Re: 10MHz, 12.5MHz and Beyond!
Posted: 25 May 2021, 21:33
To go beyond a little past 12 Mhz, that is where you start to rethink other things.
Redesigning the ALU to use a carry-skip adder configuration would likely help because that would allow both carry possibilities to be calculated at the same time with a minor switching delay rather than calculating the nybbles in series. That adds only 2 more chips. Once you get to 20 Mhz, you'd likely need to make adders yourself using many of the fastest AND and XOR gates such as Drass is using in his 100 Mhz TTL/CMOS 6502 project. But that would not be 5v tolerant at all. Once you get really fast, you'd want to split the arithmetic and logic functions into 2 separate units. Or you could distribute the math/logic with even more chips where each operation has its own circuits.
Then you reach the idea of adding another pipeline. That would require a new ROM and inserting registers into the control lines to separate the control unit from the ALU. Theoretically, that should allow for up to 50% more speed, depending on how balanced your latencies are between the stages. By that point, your ROM will be the limiting factor.
When ROM becomes a limiting factor, one can add the fastest 16-bit SRAM and have a circuit to copy the ROM to the SRAM on boot and then execute out of the ROM shadow SRAM. So with a 3-stage pipeline and 40 ns SRAM shadowing the ROM, that would put you closer to 25 Mhz. If you are not afraid of 3.3v and lower voltages or SMTs, you might find 8-10 ns SRAM (with a theoretical maximum of 100-120 Mhz, depending on the other stages).
If one is not interested in native mode compatibility, they might be able to rework the ISA to help simplify the control unit. That would be incompatible with what we have, but you could still have vCPU compatibility. Finding a way around chaining decoders would be desirable. If you can't avoid that, then maybe one could borrow a cue from the carry-skip adder arrangement and calculate multiple values at the same time and use a "switch" (multiplexer) to put the correct one on the bus as determined by the earlier decoder.
Of course, the clock rate is not everything. Other speedups will be fruitful. The line repeater would allow you to use mode 4 all the time. Separating the video generation from the CPU would be helpful too. Doing that will increase performance at lower clock rates, but depending on how you do it, that could limit higher clock rates (unless you get more sophisticated with caches). More usable native opcodes would help gain speed through improving code density. Adding more registers and instructions that work with multiple data would speed up things, as would being able to run multiple instructions at the same time. More cores could help, but that depends on the software.
Redesigning the ALU to use a carry-skip adder configuration would likely help because that would allow both carry possibilities to be calculated at the same time with a minor switching delay rather than calculating the nybbles in series.

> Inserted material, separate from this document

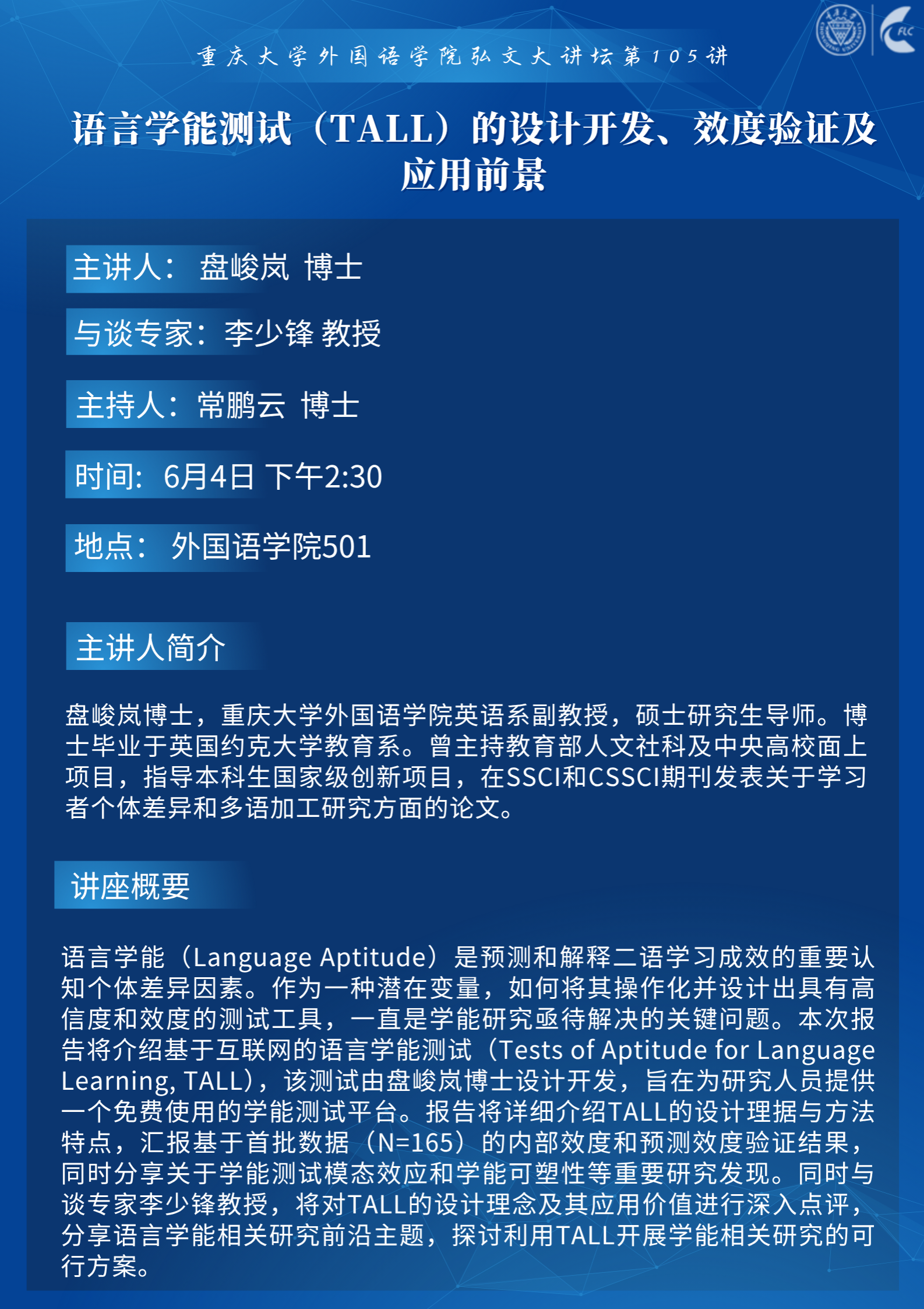 讲座|语言学能测试(TALL)的设计开发、效度验证及应用前景

That adds only 2 more chips. Once you get to 20 Mhz, you'd likely need to make adders yourself using many of the fastest AND and XOR gates such as Drass is using in his 100 Mhz TTL/CMOS 6502 project. But that would not be 5v tolerant at all. Once you get really fast, you'd want to split the arithmetic and logic functions into 2 separate units. Or you could distribute the math/logic with even more chips where each operation has its own circuits.
Then you reach the idea of adding another pipeline. That would require a new ROM and inserting registers into the control lines to separate the control unit from the ALU. Theoretically, that should allow for up to 50% more speed, depending on how balanced your latencies are between the stages. By that point, your ROM will be the limiting factor.
When ROM becomes a limiting factor, one can add the fastest 16-bit SRAM and have a circuit to copy the ROM to the SRAM on boot and then execute out of the ROM shadow SRAM. So with a 3-stage pipeline and 40 ns SRAM shadowing the ROM, that would put you closer to 25 Mhz. If you are not afraid of 3.3v and lower voltages or SMTs, you might find 8-10 ns SRAM (with a theoretical maximum of 100-120 Mhz, depending on the other stages).
If one is not interested in native mode compatibility, they might be able to rework the ISA to help simplify the control unit. That would be incompatible with what we have, but you could still have vCPU compatibility. Finding a way around chaining decoders would be desirable. If you can't avoid that, then maybe one could borrow a cue from the carry-skip adder arrangement and calculate multiple values at the same time and use a "switch" (multiplexer) to put the correct one on the bus as determined by the earlier decoder.
Of course, the clock rate is not everything. Other speedups will be fruitful. The line repeater would allow you to use mode 4 all the time. Separating the video generation from the CPU would be helpful too. Doing that will increase performance at lower clock rates, but depending on how you do it, that could limit higher clock rates (unless you get more sophisticated with caches). More usable native opcodes would help gain speed through improving code density. Adding more registers and instructions that work with multiple data would speed up things, as would being able to run multiple instructions at the same time. More cores could help, but that depends on the software.